Will an executable access shared-libraries' global variable via GOT?

I was learning dynamic linking recently and gave it a try:
dynamic.c
int global_variable = 10;
int XOR(int a) {
return global_variable;
}
test.c
#include <stdio.h>
extern int global_variable;
extern int XOR(int);
int main() {
global_variable = 3;
printf("%d\n", XOR(0x10));
}
The compiling commands are:
clang -shared -fPIC -o dynamic.so dynamic.c
clang -o test test.c dynamic.so
I was expecting that in executable test the main function will access global_variable via GOT. However, on the contrary, the global_variable is placed in test's data section and XOR in dynamic.so access the global_variable indirectly.
Could anyone tell me why the compiler didn't ask the test to access global_variable via GOT, but asked the shared object file to do so?
Part of the point of a shared library is that one copy gets loaded into memory, and multiple processes can access that one copy. But every program has its own copy of each of the library's variables. If they were accessed relative to the library's GOT then those would instead be shared among the processes using the library, just like the functions are.
There are other possibilities, but it is clean and consistent for each executable to provide for itself all the variables it needs. That requires the library functions to access all of its variables with static storage duration (not just external ones) indirectly, relative to the program. This is ordinary dynamic linking, just going the opposite direction from what you usually think of.
Turns out my clang produced PIC by default so it messed with results.
I will leave updated answer here, and the original can be read below it.

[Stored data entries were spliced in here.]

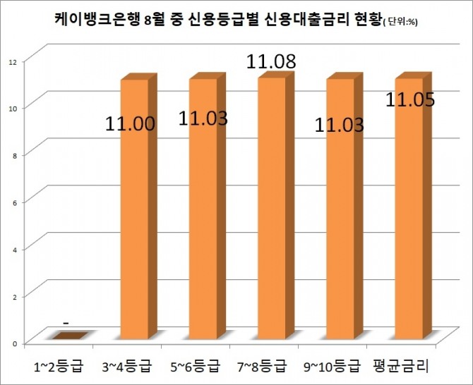 이미지 확대보기8일 은행연합회 대출금리비교 공시에 따르면 9월 공시된 케이뱅크의 일반신용대출 평균금리는 11.05%다. 이는 8월 공시 평균금리 10.76%보다 0.29%포인트 오른 것으로 대부분의 은행은 3~6%대인 것과 비교하면 높은 금리 수준이다.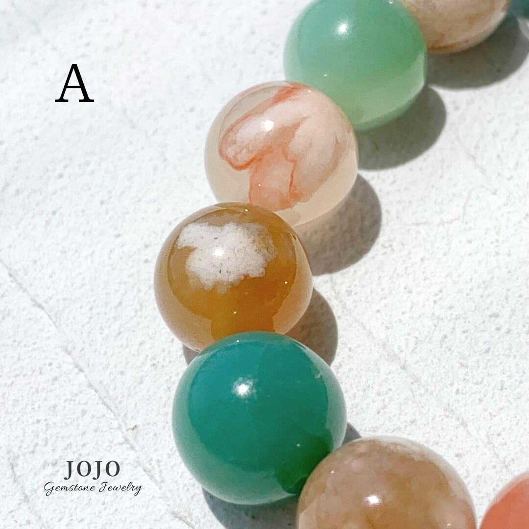 グリーン、オレンジ、イエローなどのキャンディカラーのチェリーブロッサムアゲートと、鮮やかなブルーグリーンのブルーオパールの大粒チップを組み合わせました。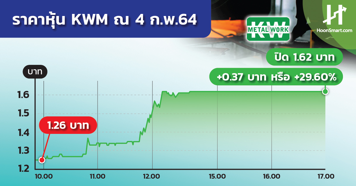 ราคาหุ้นบริษัท ดับบลิว.เม็ททัล เวิร์ค (KWM) ปรับตัวขึ้นแรง โดยมีแรงซื้อเก็งกำไรเข้ามาดันราคาหุ้นปรับตัวขึ้นแรงในการซื้อขายตั้งแต่ช่วงเช้า ท่ามกลางมูลค่าซื้อขายที่ดูหนาตาขึ้น ราคาหุ้นวิ่งขึ้นไปซิลลิ่งสนิทที่ 1.62 บาท เพิ่มขึ้น 0.37 หรือ 29.60% ท่ามกลางมูลค่าซื้อขายที่มากกว่าปกติ 44.60 ล้านบาท
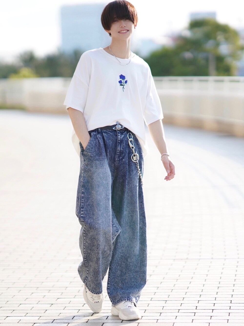 【コーデ日記】 いつも見てくださりありがとうございます☺️ 今日のコーデはバラシシュウビッグTシャツと 6/6(土)に発売のADRER新作『ヴィンテージメイクワイドテーパードデニム』 を使ったコーデ!✨ デニムは【王道の夏アイテム】ですよね!😊 白Tや黒Tなどシンプルなアイテムとも相性抜群です!🙆♂️ 「くすみカラー・レトロファッション・ビッグシルエット」といったトレンド満載の最高のアイテムに仕上がってます!💡 今日、Instagramで新作デニムのサイズ表などのまとめ投稿をするので楽しみにしててください!🔥 撮影した場所はお台場です!🐳 天気もよく、人も少ないのもあって撮影日和でした!☀️ フォロワーさんの写真部の部長さんにたくさんいい写真を撮ってもらいました!📸 ありがとう😊 そして、TシャツはバラT! 最近フォロワーさんから沢山の嬉しいメッセージや写真をもらえて毎日嬉しいです✨ ZOZOでもずっとランキングの上位にいれてありがたいことです🙏 そして!!!!!!!!!!!!!!! 僕のInstagramでは、毎週発売される【GUの新作】アイテムから僕が厳選して紹介したり、 【1週間黒スキニーコーデまとめ】を投稿したり、 【ニキビを無くすために僕がやってること】などを投稿してます✨ あと僕のデザインするオリジナルブランド【ADRER】の情報も、WEARよりも早く発信してます💡 Instagramにてお待ちしております☺️【@wear_kei】 ‥‥‥‥‥‥‥‥‥‥‥‥‥‥‥‥‥‥‥‥‥‥‥‥‥‥‥‥‥ 【挨拶】 🔥‼️インスタグラムをメインで投稿してます‼️🔥 ▶【︎@wear_kei】◀ ︎🔍検索‼️ 【GUの新作アイテムから厳選紹介】や 【1週間黒スキニーコーデしばり】など 【ニキビを無くためにやってる5のこと】 などなど他にも皆さんに楽しんでもらうための投稿を沢山してます♪ ぜひ暇つぶしに見に来てください☺️ では!👋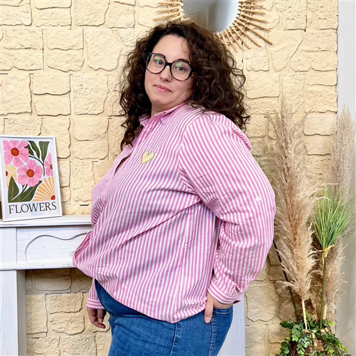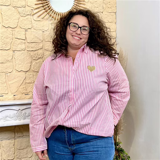 Chemise rayée rehaussée d’un cœur brodé. Sa matière légère et sa coupe confortable en font une pièce agréable à porter au quotidien. Déclinée en plusieurs coloris frais et lumineux, elle s’associe facilement à un jean ou un pantalon pour un look à la fois chic et décontracté. Un indispensable du dressing, à porter en toute saison.
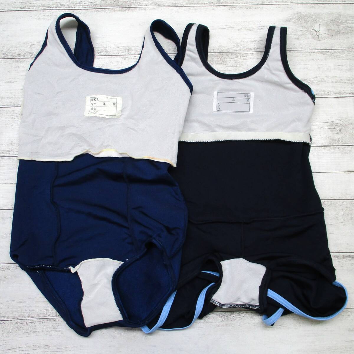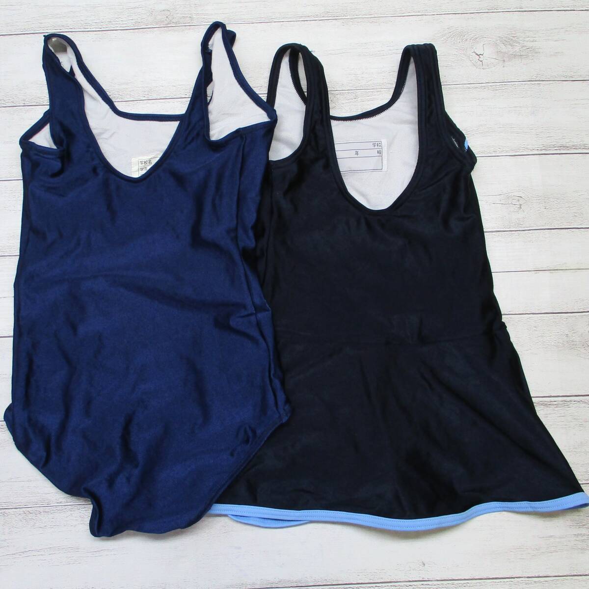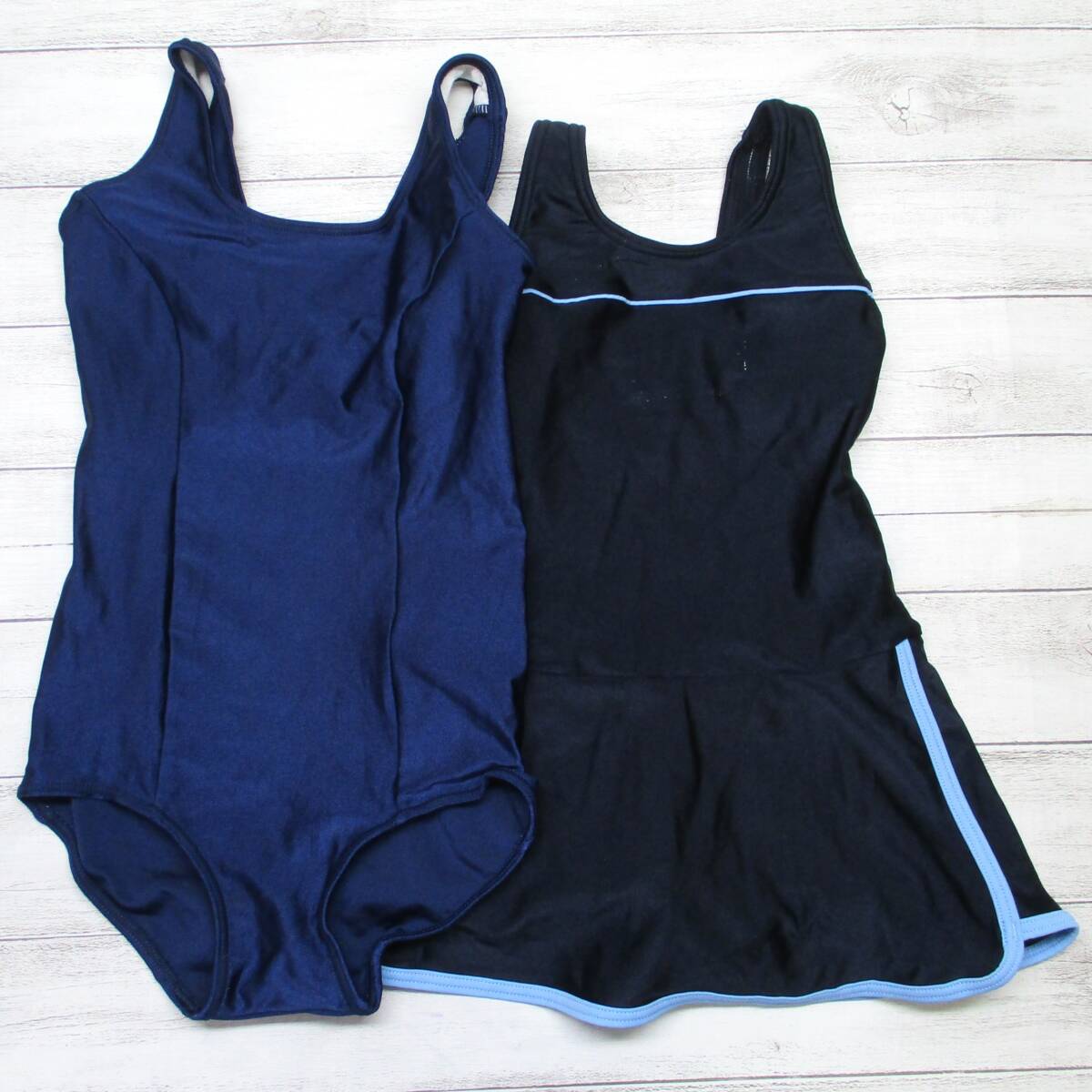 E9543☆競泳水着 女子 130サイズ 2枚セット ジュニア まとめ売り ネイビー 紺黒系 ワンピース スカート 水泳 スイミング スイム プール
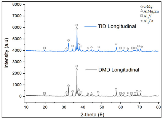 Figure 9 shows the X-ray diffractograms of the Mg70Al18Zn6Ca4Y2 materials studied in this work. The diffractograms were strikingly similar, showing the same phases in both DMD and TID samples.

After digging a bit more into the topic i have noticed that compilation of test.c does not generate a .got section by itself. You can check it by compiling the executable into an object file and omitting the linking step for now (-c option):
clang -c -o test.o test.c
If you inspect the sections of resulting object file with readelf -S you will notice that there is no .got in there:
Section Headers:
[Nr] Name Type Address Offset
Size EntSize Flags Link Info Align
[ 0] NULL 0000000000000000 00000000
0000000000000000 0000000000000000 0 0 0
[ 1] .text PROGBITS 0000000000000000 00000040
0000000000000035 0000000000000000 AX 0 0 1
[ 2] .rela.text RELA 0000000000000000 00000210
0000000000000060 0000000000000018 I 11 1 8
[ 3] .data PROGBITS 0000000000000000 00000075
0000000000000000 0000000000000000 WA 0 0 1
[ 4] .bss NOBITS 0000000000000000 00000075
0000000000000000 0000000000000000 WA 0 0 1
[ 5] .rodata PROGBITS 0000000000000000 00000075
0000000000000004 0000000000000000 A 0 0 1
[ 6] .comment PROGBITS 0000000000000000 00000079
0000000000000013 0000000000000001 MS 0 0 1
[ 7] .note.GNU-stack PROGBITS 0000000000000000 0000008c
0000000000000000 0000000000000000 0 0 1
[ 8] .note.gnu.pr[...] NOTE 0000000000000000 00000090
0000000000000030 0000000000000000 A 0 0 8
[ 9] .eh_frame PROGBITS 0000000000000000 000000c0
0000000000000038 0000000000000000 A 0 0 8
[10] .rela.eh_frame RELA 0000000000000000 00000270
0000000000000018 0000000000000018 I 11 9 8
[11] .symtab SYMTAB 0000000000000000 000000f8
00000000000000d8 0000000000000018 12 4 8
[12] .strtab STRTAB 0000000000000000 000001d0
000000000000003e 0000000000000000 0 0 1
[13] .shstrtab STRTAB 0000000000000000 00000288
0000000000000074 0000000000000000 0 0 1
This means that the entirety of .got section present in the test executable actually comes from dynamic.so, as it is PIC and uses GOT.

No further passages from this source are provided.